By Irene Glasser and Eric Hirsch

The History of Homelessness

Throughout American history, one finds periods when homelessness has been a serious problem.  Kenneth Kusmer’s Down and Out, on the Road traces the history of homelessness back to the seventeenth century.  He documents how homelessness increased in response to wars and economic downturns.  Kusmer focuses particular attention on “tramping,” which became a common response to homelessness resulting from job losses in the depressions of the nineteenth and twentieth centuries—particularly in the 1870s, 1890s, and 1930s.  He describes how the attitude of English Puritans toward the homeless was that they were responsible for their situation if they were able-bodied.  Vagrancy and its corollary homelessness were considered crimes to be punished.  This is an attitude that persists to this day, preventing effective solutions to homelessness from gaining public support.

Todd Depastino covers some of the same ground in Citizen Hobo: How a Century of Homelessness Shaped America.  Beginning in the post-Civil War years, the author focuses on the history of the hobo and the culture of homeless tramps, which he calls hobohemia.  He argues that hobos had a tremendous impact on larger cultural changes involving race, class, and gender, changes that resulted in the creation of the more universal, federally funded systems of financial assistance, such as Social Security, instead of relying only on private charity.

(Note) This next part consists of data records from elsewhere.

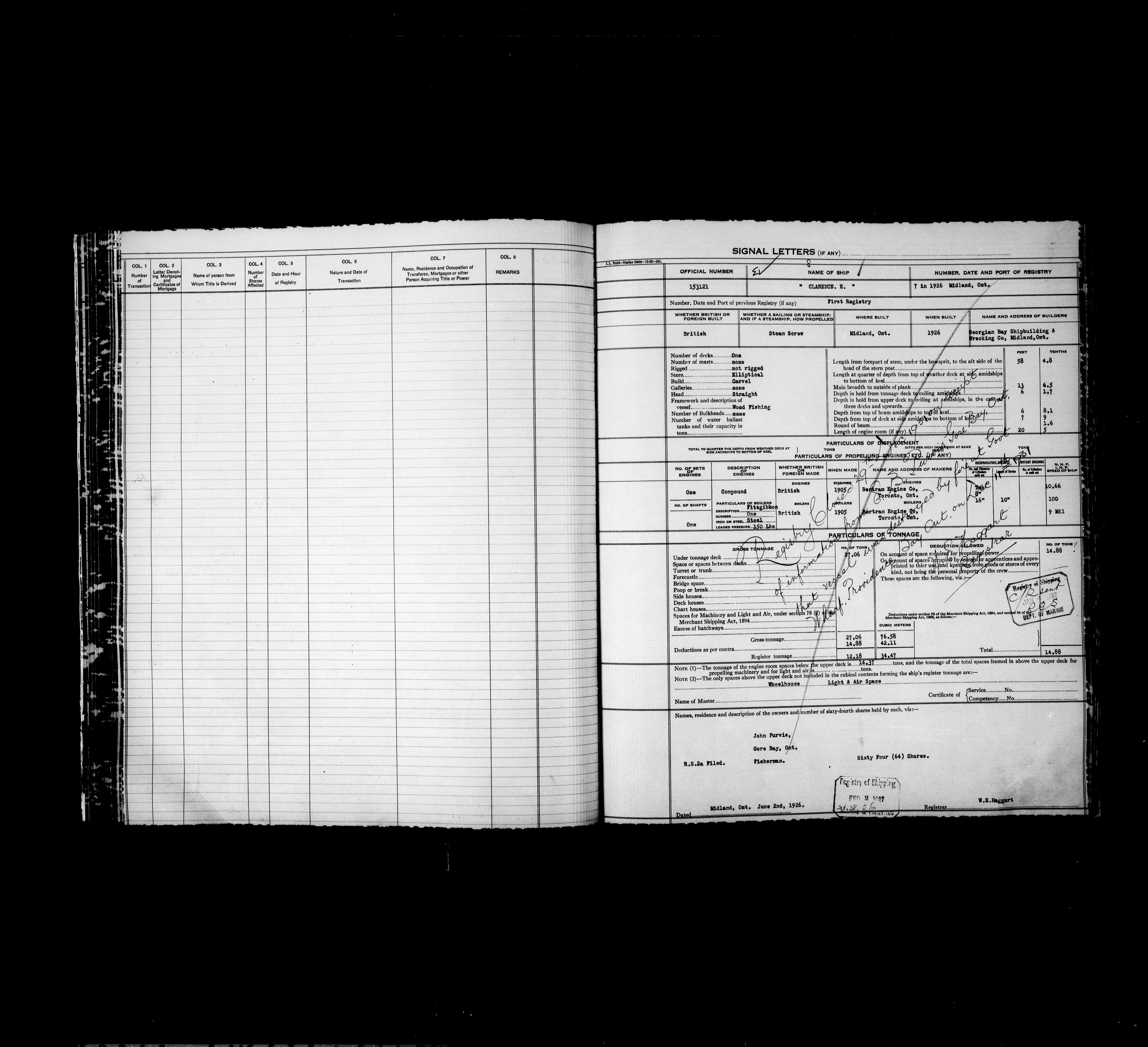 Department of Transport : Registers and ledgers cards of ships closed-out (1904-1983) - 11892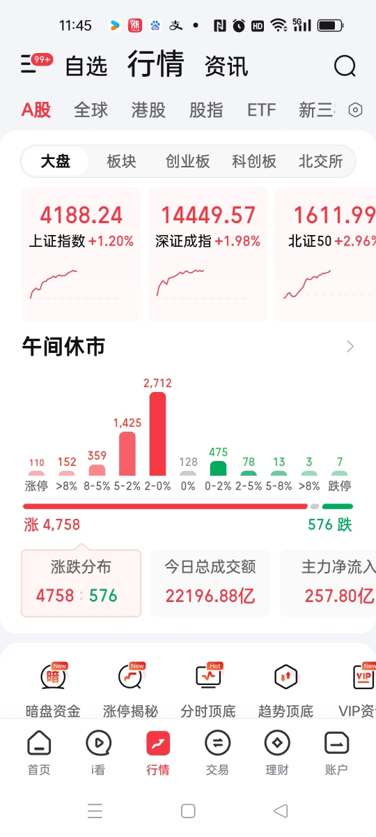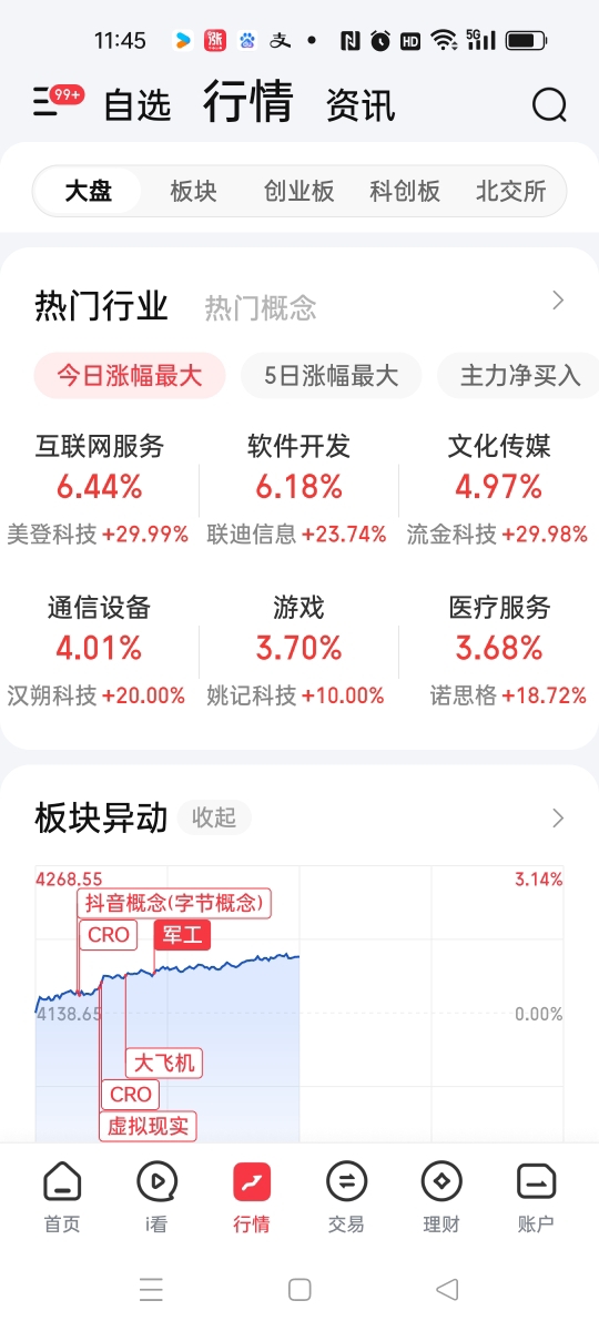上午的热点,还是在航空航天、互联网服务、软件开发、文化传媒、通信设备、游戏、医疗板块等,真的是很强势,大家要手扶稳了,这牛市的大车,就是在震荡中前进。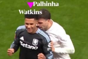 在終場哨聲吹響后,維拉前鋒沃特金斯來到底線面向看臺慶祝,看似有意無意的身體接觸惹惱了帕利尼亞,后者將沃特金斯推搡出場外,瞬間點(diǎn)燃兩隊(duì)球員的情緒。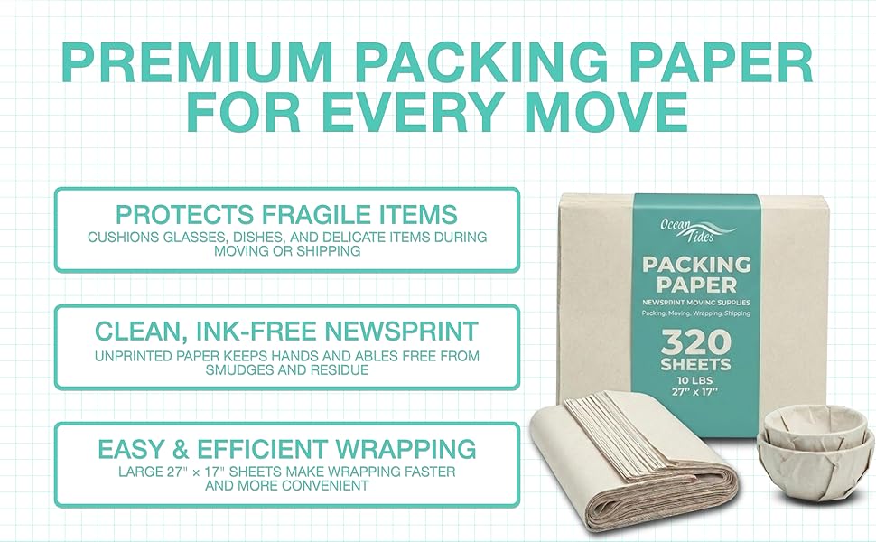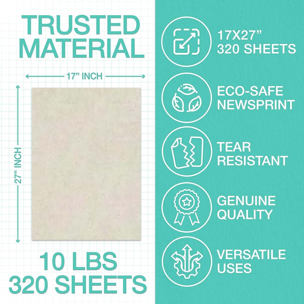 IDEAL WRAPPING FOR FRAGILE ITEMS: These packing paper sheets provides protection for wrapping fragile items during shipping. Made from premium 10lb newsprint, each 27" x 17" sheet is thick enough to cushion glassware, dishes & delicate collectibles.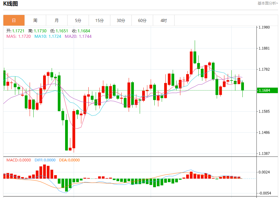 周一盘中,欧元/美元报1.1686,跌幅0.46%。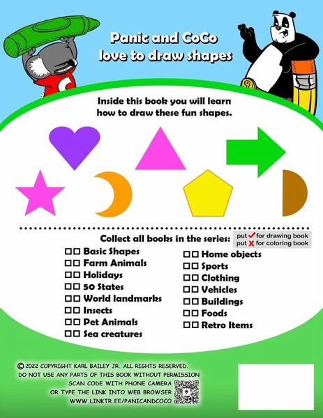 This book is a simple book to show young children how to draw shapes. My goal is to utilize my 40 plus years of art experience to guide and inspire new artists. www.linktr.ee/PanicAndCoCo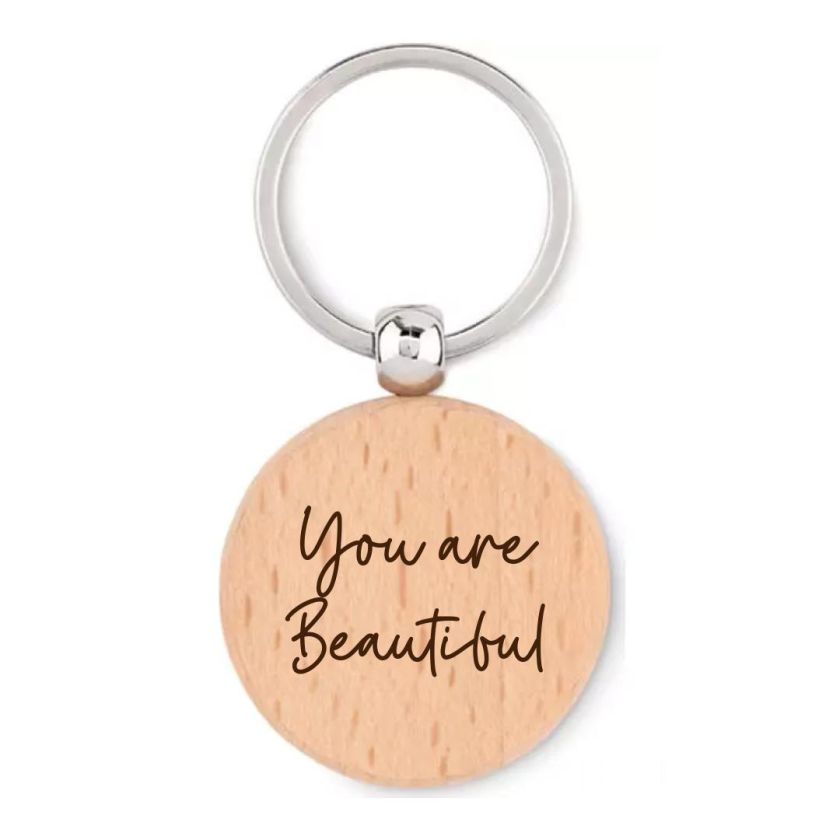 Leuke houten sleutelhanger met de tekst ‘You are beautiful’.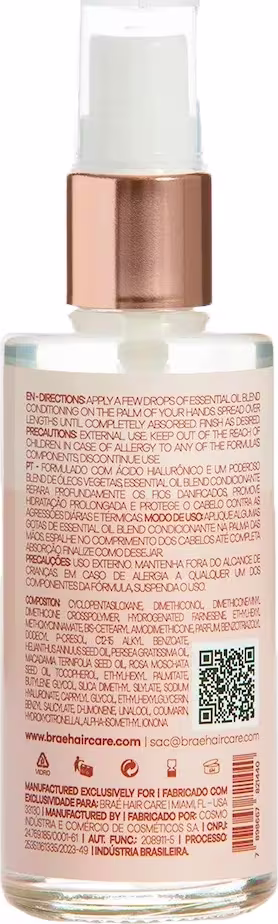 Braé Essential - Oil Blend 60ml: é o segredo para cabelos perfeitamente nutridos e protegidos. Sua fórmula exclusiva combina ácido hialurônico com um poderoso blend de óleos vegetais, proporcionando uma reparação profunda dos fios danificados, hidratação prolongada e proteção contra as agressões térmicas e diárias. Com o Essential Oil Blend, seus cabelos terão uma aparência saudável, brilhante e cheia de vida.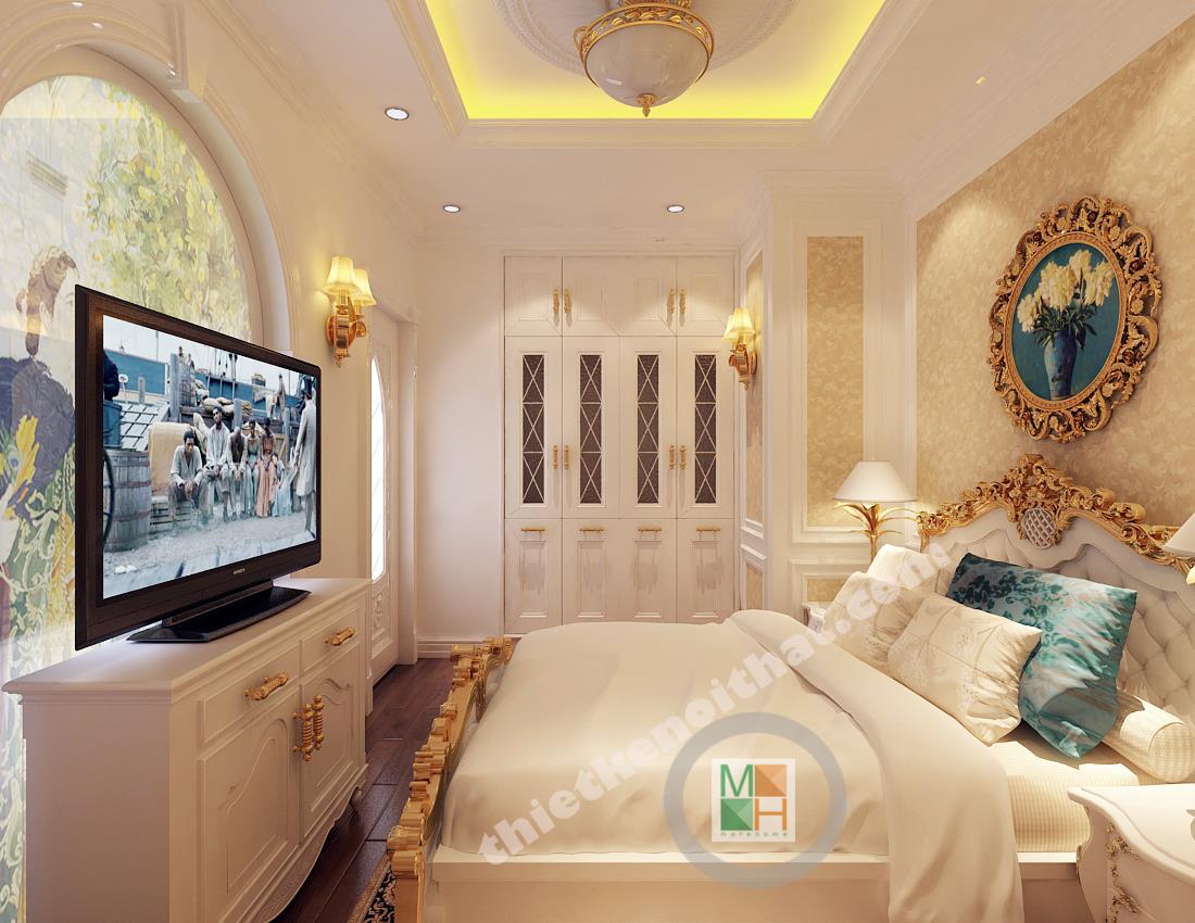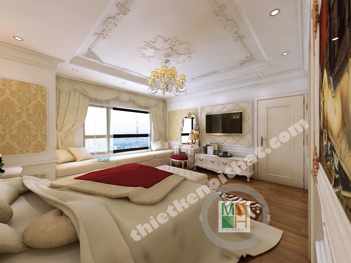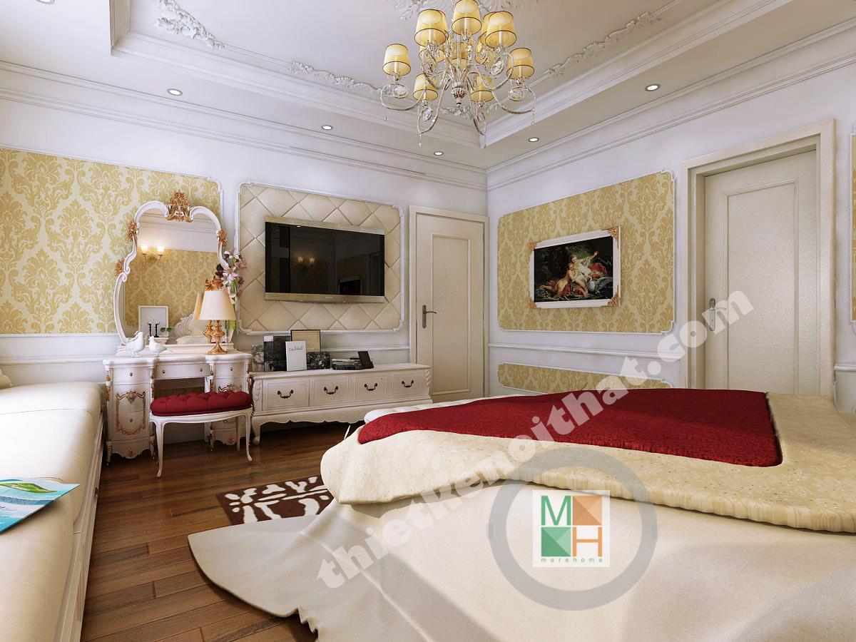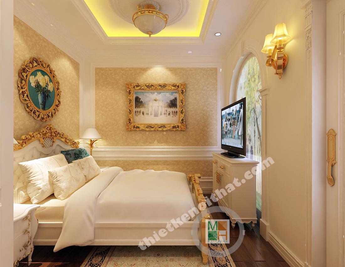 Thiết kế nội thất phòng ngủ tân cổ điển khách sạn cao cấp mang đến một không gian vừa sang trọng vừa tiện nghi, mang lại cảm giác thoải mái, ấm áp cho khách hàng. Thiết kế tân cổ điển với những họa tiết cầu kì, hoa văn tỉ mỉ cùng đèn trang trí đầy kiểu dáng phong phú tạo nên một không gian sang trọng, đẳng cấp lịch lãm.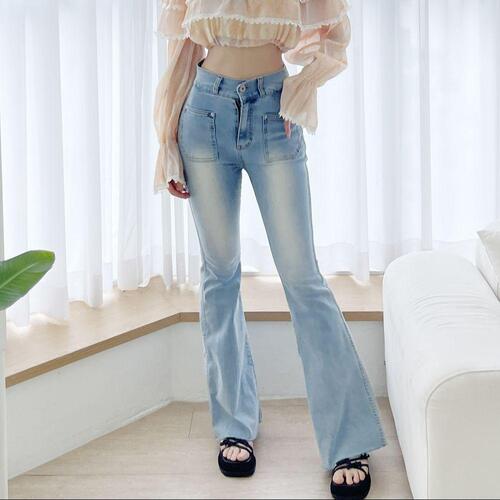 [골반뽕/총장110/키큰여자청바지] 골반패드 내장 하이웨스트 데님 슬림 세미 부츠컷 청바지 (4color)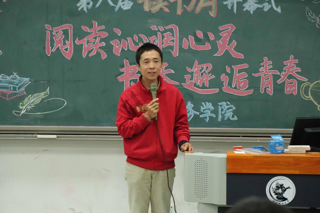 活动首先由taptap体育经理白彦锋老师致辞,白经理向同学们介绍了等优秀的公司老师,并感谢他们的到来。紧接着,白经理又表达了对同学们积极参与读书月的活动的殷切希望。而后,白经理又向同学们提出了读书的三点建议,一是读书要贴近时代的步伐,现阶段,同学们可以阅读一些党的十九大报告,紧跟党的脚步;二是要多读一些与我们专业相关的书籍,并举了单词“nudge”的例子,鼓励我们读一些英文版的专业书籍;三是要多读一些中国传统文化的书籍,弘扬传统文化。最后,白经理背诵岳飞的《满江红》,宣布读书月开幕式正式开始。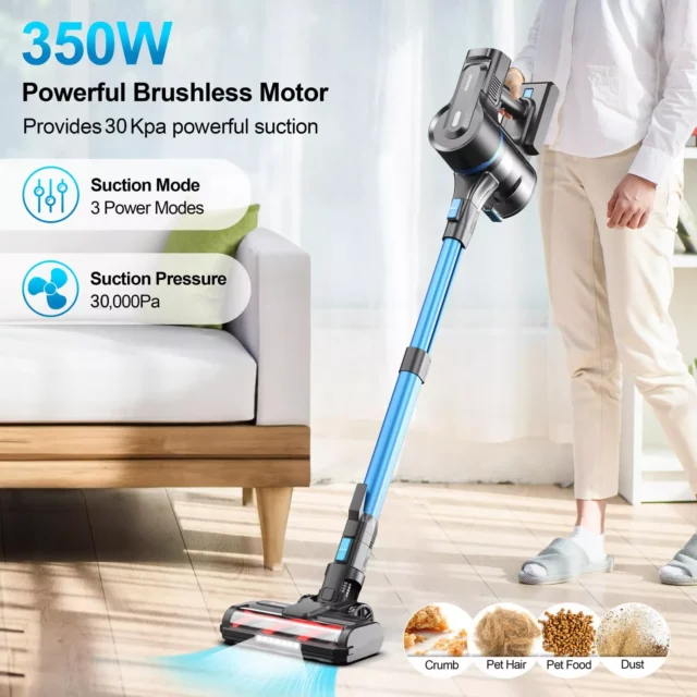 • Powerful 30Kpa Suction: Removes dust, pet hair, and debris from multiple surfaces effortlessly.

In her riveting Homeless: Poverty and Place in Urban America, Ella Howard focuses on New York City’s Bowery, tracing its history from the early twentieth century to the present.  Howard brings to life the homeless men (and some women) who sought refuge in the Bowery and the shifting social policies toward the homeless living there and in similar skid rows throughout the country.  She traces the many policy battles regarding what to do with the Bowery, including plans to raze it completely in the hope the homeless would disappear, as if the place itself inspired homelessness.  Particularly appealing in this book are the pictures—from the iconic and haunting photos of Bowery transient hotels, missions, and inexpensive restaurants to photos of 1970s music group the Ramones, who lived and worked in the Bowery as the area was leaving behind its skid row legacy and gentrification took over.